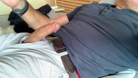 A rare jerk-off at home in the bed, nice relaxing masturbation session and cumming on my cumrag black pants - very up close of my super hard boner and jizz. Good jerk-off session. Nice orgasm.
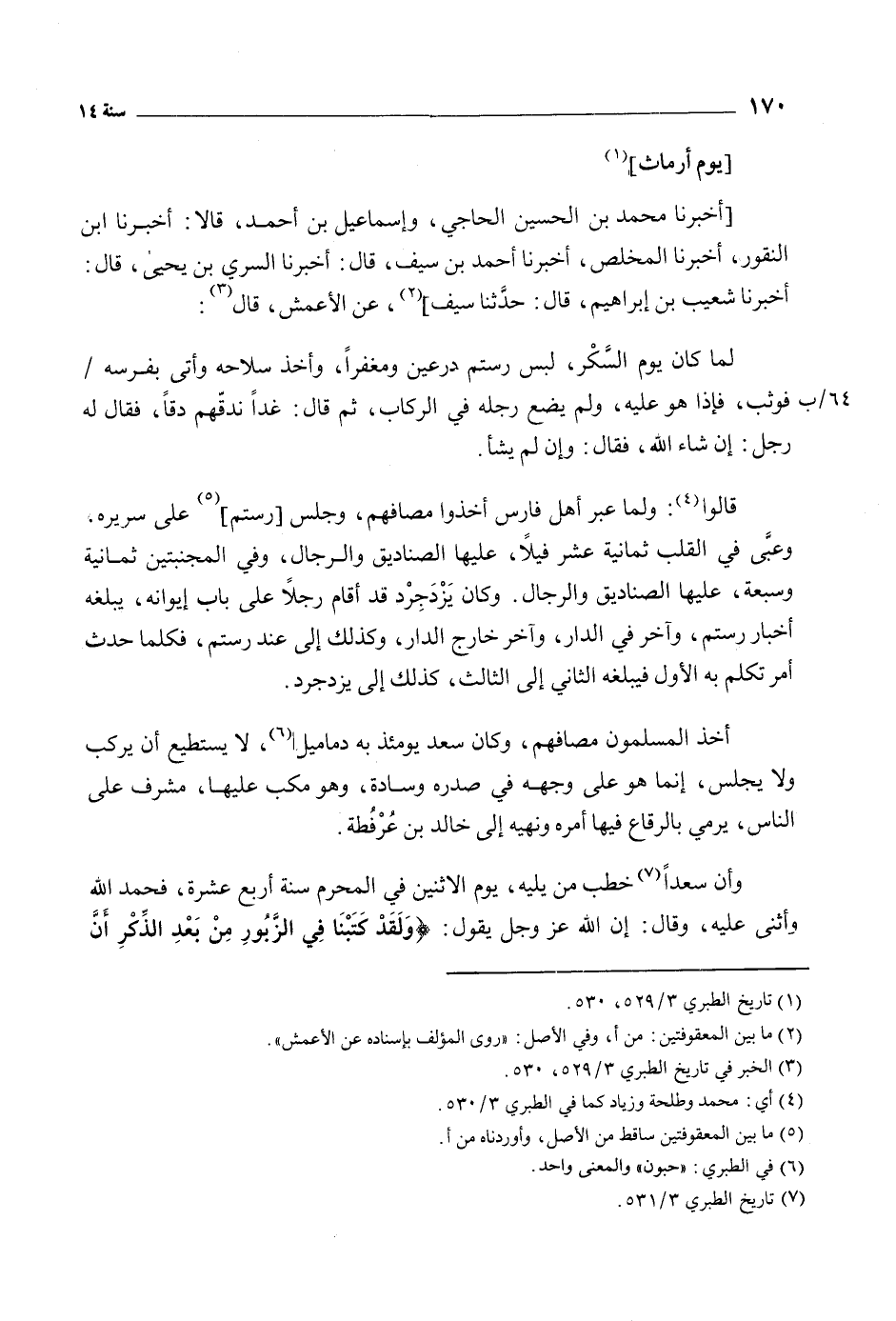 وأن سعدا [7] خطب من يليه، يوم الاثنين في المحرم سنة أربع عشرة، فحمد الله وأثنى عليه، وقال: إن الله عز وجل يقول: وَلَقَدْ كَتَبْنا فِي الزَّبُورِ مِنْ بَعْدِ الذِّكْرِ أَنَّ 21: 105
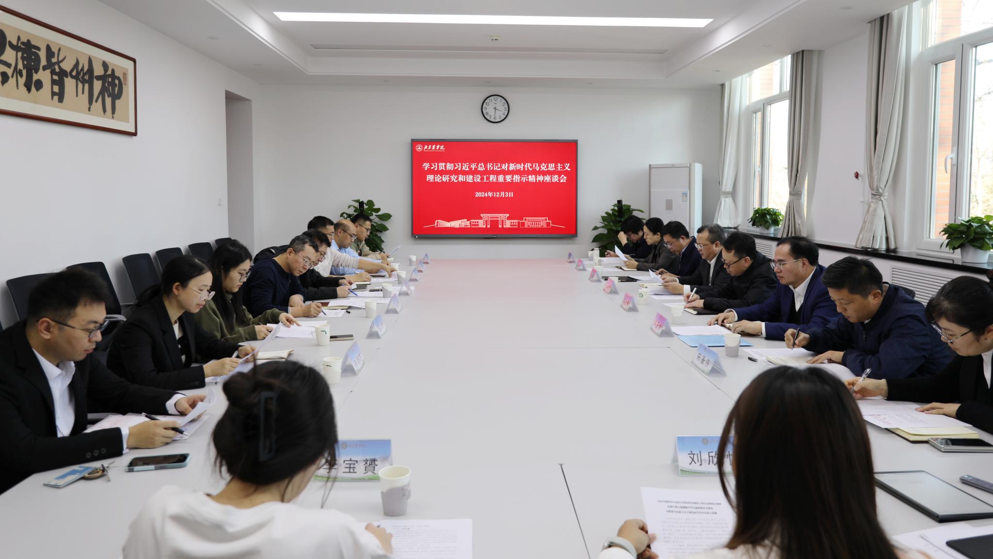12月3日,學校召開學習貫徹習近平總書記對新時代馬克思主義理論研究和建設工程重要指示精神座談會。學校黨委常委、紀委書記吳君楚出席會議,和大家交流學習體會,對學習貫徹總書記重要指示精神提出具體要求;相關職能部門負責人、相關二級學院負責人及教師代表、青馬班學員代表參加座談會,結合實際談體會、談認識、談貫徹落實建議和措施。會議由黨委常委、宣傳部部長高建偉主持。
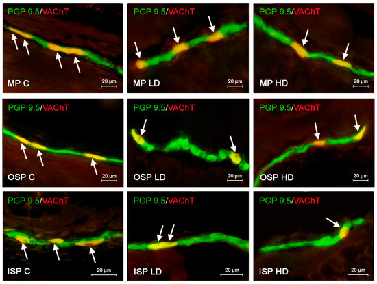 Distribution pattern of nerve cells immunoreactive to protein gene-product 9.5 (PGP 9.5)–used as pan neuronal marker and vesicular acetylocholine transporter (VAChT) in the myenteric plexus (MP), outer submucous plexus (OSP) and inner submucous plexus (ISP) of porcine descending colon under physiological conditions (C) and after administration of small dose (LD) and high dose (HD) of bisphenol A. The pictures are the result of the overlap of both stainings. The arrows point neurons immunoreactive for both–PGP 9.5 and VAChT.
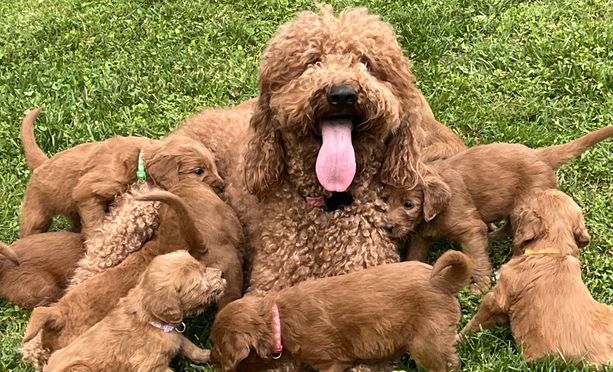 Quinn is a super sweet & super curly F1b goldendoodle. She loves to snuggle and considers herself a lap dog. This is Quinn's 3rd litter and we've had such high praises from her previous litters. She's a great mama to her babies!
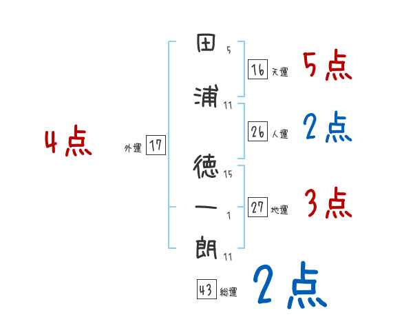 天運![]() | 田浦徳一朗さんの天運は16画の5つ星!人望が厚く大きく発展する。逆転成功が見える。 家系が持つ宿命的な運勢を表します。祖先から受け継いだ苗字ですので自分の力が及びません。家柄を象徴します。 |
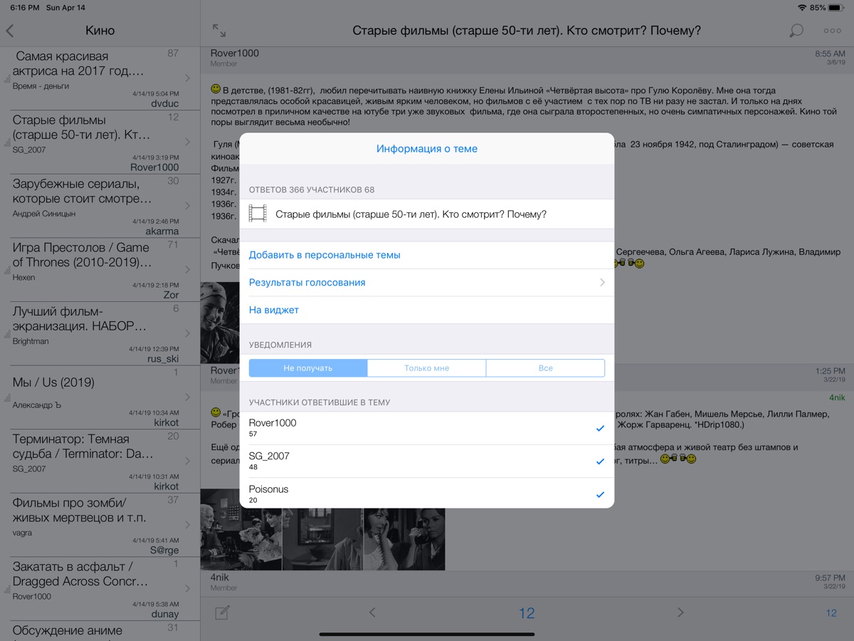 — добавление темы в избранное;
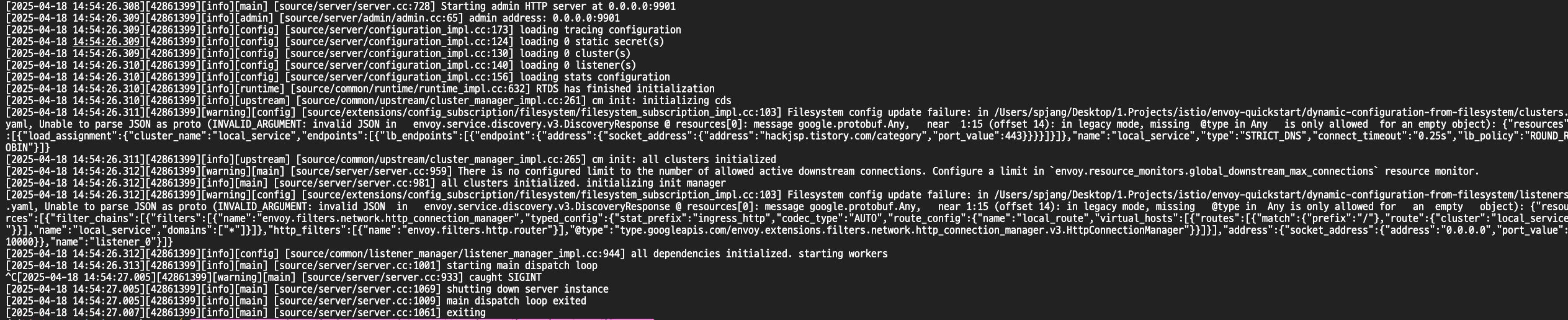 - 설정 파일이 변경되었을 경우, Envoy는 자동으로 반영하지 않음
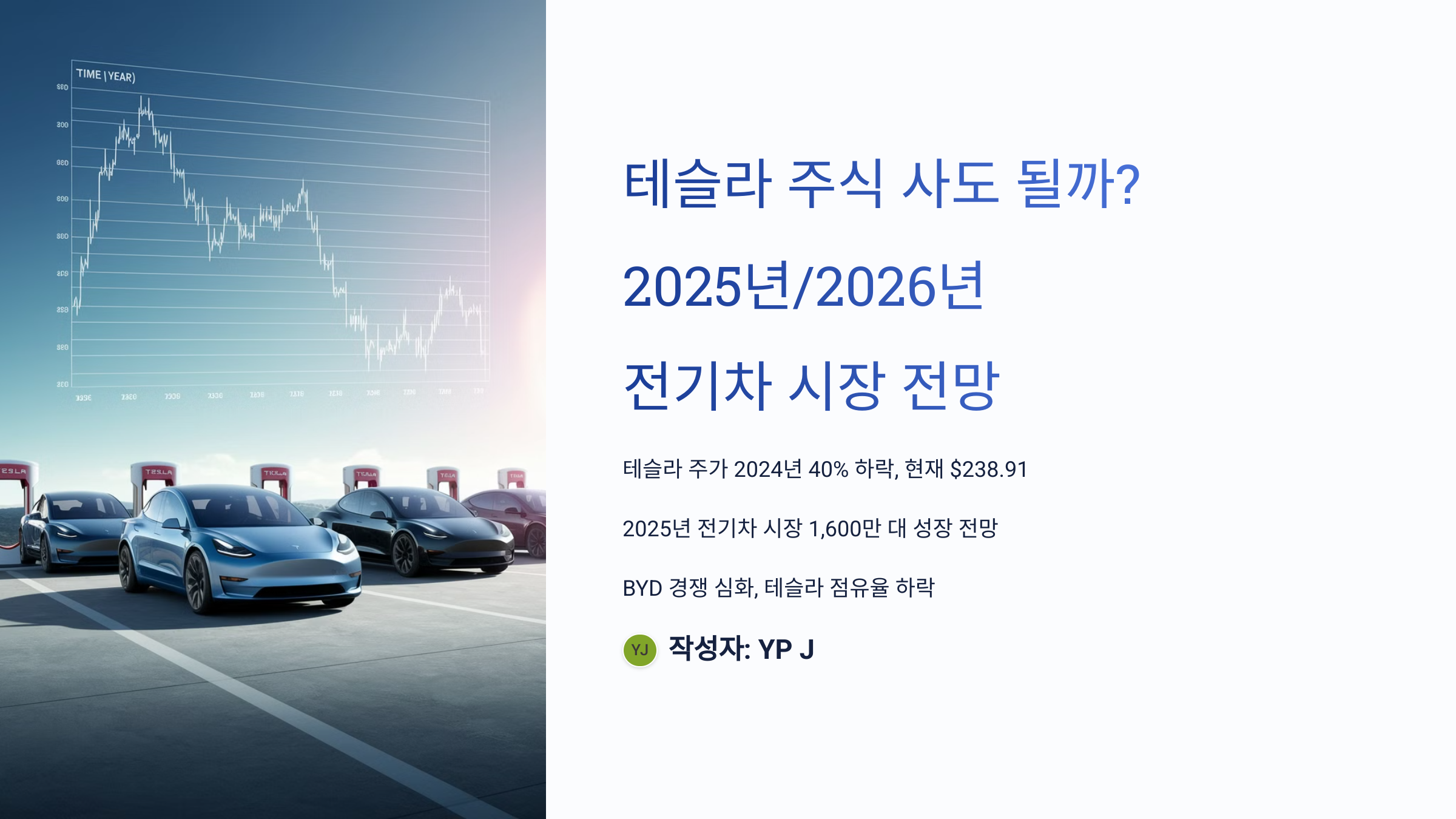 안녕하세요, 주식과 투자에 관심 많은 블로거 JYP입니다! 2025년 4월 6일 오전 7시 20분(한국 시간) 현재, "테슬라 주식(TSLA) 사도 될까?"라는 질문이 투자자들 사이에서 뜨거워요. 여론에 따르면 "테슬라는 전기차 왕이지만 최근 주가 하락이 무섭다" "엘론 머스크 믿고 투자해도 되나?" 같은 고민이 많죠. 실제로 2024년 테슬라 주가는 연초 $403에서 4월 기준 $238.91(Statista 기준)까지 약 40% 하락하며 변동성이 컸어요. 코스피도 2,350선으로 내려앉고, 환율은 1,450원을 넘어서며 경제 불안이 커진 지금, 과연 테슬라 주식은 매수 기회일까요? 이 글에서는 2025년과 2026년 전기차 시장 전망을 바탕으로 테슬라 주식의 투자 가능성을 분석해 봤습니다.
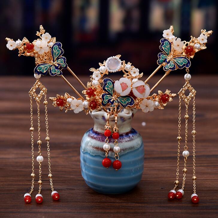 かんざし 蝶モチーフ 古風髪飾り セット 華流 コスプレ 中華風ヘアアクセサリー ハロウィン 髪飾り ヘアピン 簪 イヤリング フリンジアクセサリー 蝶 花 撮影道具 漢服唐装に相性
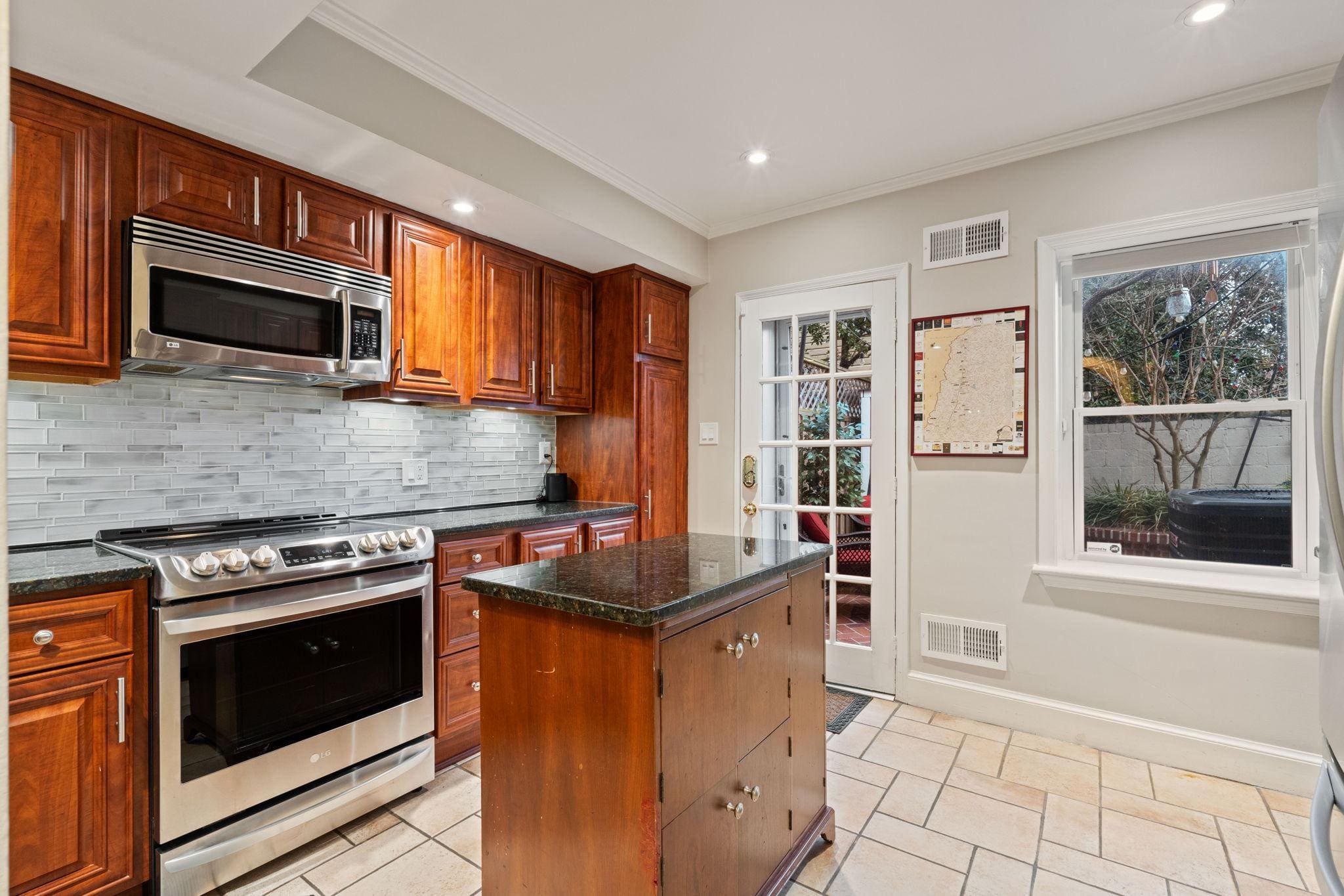 The updated and expanded kitchen (2016) is a chef’s delight, featuring stainless steel appliances, granite countertops, under-cabinet lighting, and a stylish backsplash. Upstairs, the renovated third-floor en-suite bedroom offers a private retreat with generous attic storage.

• • • • •

§ What the task asks:
Only the text of the records belongs in the answer, printed exactly and without pictures.

§ Task output:
 A rare jerk-off at home in the bed, nice relaxing masturbation session and cumming on my cumrag black pants - very up close of my super hard boner and jizz. Good jerk-off session. Nice orgasm.
 وأن سعدا [7] خطب من يليه، يوم الاثنين في المحرم سنة أربع عشرة، فحمد الله وأثنى عليه، وقال: إن الله عز وجل يقول: وَلَقَدْ كَتَبْنا فِي الزَّبُورِ مِنْ بَعْدِ الذِّكْرِ أَنَّ 21: 105
12月3日,學校召開學習貫徹習近平總書記對新時代馬克思主義理論研究和建設工程重要指示精神座談會。學校黨委常委、紀委書記吳君楚出席會議,和大家交流學習體會,對學習貫徹總書記重要指示精神提出具體要求;相關職能部門負責人、相關二級學院負責人及教師代表、青馬班學員代表參加座談會,結合實際談體會、談認識、談貫徹落實建議和措施。會議由黨委常委、宣傳部部長高建偉主持。
 Distribution pattern of nerve cells immunoreactive to protein gene-product 9.5 (PGP 9.5)–used as pan neuronal marker and vesicular acetylocholine transporter (VAChT) in the myenteric plexus (MP), outer submucous plexus (OSP) and inner submucous plexus (ISP) of porcine descending colon under physiological conditions (C) and after administration of small dose (LD) and high dose (HD) of bisphenol A. The pictures are the result of the overlap of both stainings. The arrows point neurons immunoreactive for both–PGP 9.5 and VAChT.
 Quinn is a super sweet & super curly F1b goldendoodle. She loves to snuggle and considers herself a lap dog. This is Quinn's 3rd litter and we've had such high praises from her previous litters. She's a great mama to her babies!
 天運![]() | 田浦徳一朗さんの天運は16画の5つ星!人望が厚く大きく発展する。逆転成功が見える。 家系が持つ宿命的な運勢を表します。祖先から受け継いだ苗字ですので自分の力が及びません。家柄を象徴します。 |
 — добавление темы в избранное;
 - 설정 파일이 변경되었을 경우, Envoy는 자동으로 반영하지 않음
 안녕하세요, 주식과 투자에 관심 많은 블로거 JYP입니다! 2025년 4월 6일 오전 7시 20분(한국 시간) 현재, "테슬라 주식(TSLA) 사도 될까?"라는 질문이 투자자들 사이에서 뜨거워요. 여론에 따르면 "테슬라는 전기차 왕이지만 최근 주가 하락이 무섭다" "엘론 머스크 믿고 투자해도 되나?" 같은 고민이 많죠. 실제로 2024년 테슬라 주가는 연초 $403에서 4월 기준 $238.91(Statista 기준)까지 약 40% 하락하며 변동성이 컸어요. 코스피도 2,350선으로 내려앉고, 환율은 1,450원을 넘어서며 경제 불안이 커진 지금, 과연 테슬라 주식은 매수 기회일까요? 이 글에서는 2025년과 2026년 전기차 시장 전망을 바탕으로 테슬라 주식의 투자 가능성을 분석해 봤습니다.
 かんざし 蝶モチーフ 古風髪飾り セット 華流 コスプレ 中華風ヘアアクセサリー ハロウィン 髪飾り ヘアピン 簪 イヤリング フリンジアクセサリー 蝶 花 撮影道具 漢服唐装に相性
 The updated and expanded kitchen (2016) is a chef’s delight, featuring stainless steel appliances, granite countertops, under-cabinet lighting, and a stylish backsplash. Upstairs, the renovated third-floor en-suite bedroom offers a private retreat with generous attic storage.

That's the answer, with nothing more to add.